Let $X_1,\dots, X_n$ be i.i.d. exponential random variables. For large $n$, what is the probability distribution for the following?
$$\frac{\max X_n}{\sum X_n}$$
I believe that the cdf of the maximum of $n$ i.i.d. exponential random variables is the $n$th power of the cdf of one when $n$ is fixed.
Write the statement as $\dfrac{\frac{\max X_n}{n}}{\frac{\sum X_n}{n}}$. Say the $X_n$'s are Exp($\lambda$).
The denominator $\frac{\sum X_n}{n}$ converges in probability (and distribution) to the mean of the $X_n$'s, $\frac{1}{\lambda}$ by the law of large numbers.
Now, you need to find the CDF of $\frac{\max X_n}{n}$ which is $P(\frac{\max X_n}{n}\leq c) = P(\max X_n \leq c n) = (1-e^{\lambda c n})^n$ for $c>0$, and $0$ otherwise (using the fact you noted).
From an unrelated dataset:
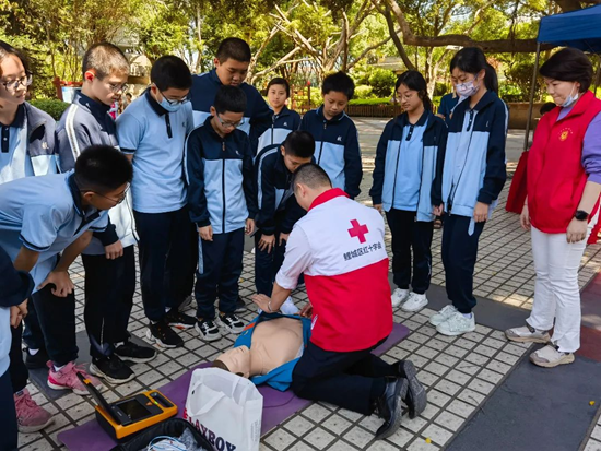 活动现场,888集团(中国)官方网站 和鲤城区红十字会联合组织应急救护培训师资向888集团六中学生和广大市民普及心肺复苏术、自动体外除颤仪AED使用等急救知识,帮助学生和市民掌握应急救护、防灾避险、自救互救等技能,守护身体健康和生命安全。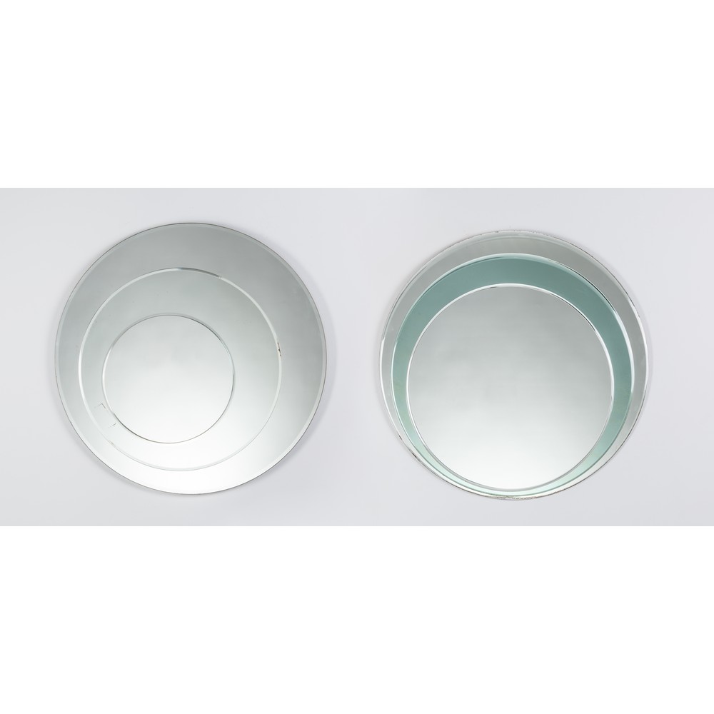 Due specchi da parete, corpo circolare, con elementi in vetro specchiato concentrici, il più grande reca etichetta Rimadesio milano.

As $n \to \infty$, $P(\frac{\max X_n}{n}\leq c) \to 0$ if $c<0$ and $P(\frac{\max X_n}{n}\leq c) \to 1$ if $c>0$. Thus, $\frac{\max X_n}{n} \to 0$ in distribution (and thus in probability as well, since it converges to a constant).
Thus, by Slutksy's theorem, the limit is the ratio of the limits which is $0 / (1/\lambda) =0$ (i.e. a point mass at $0$).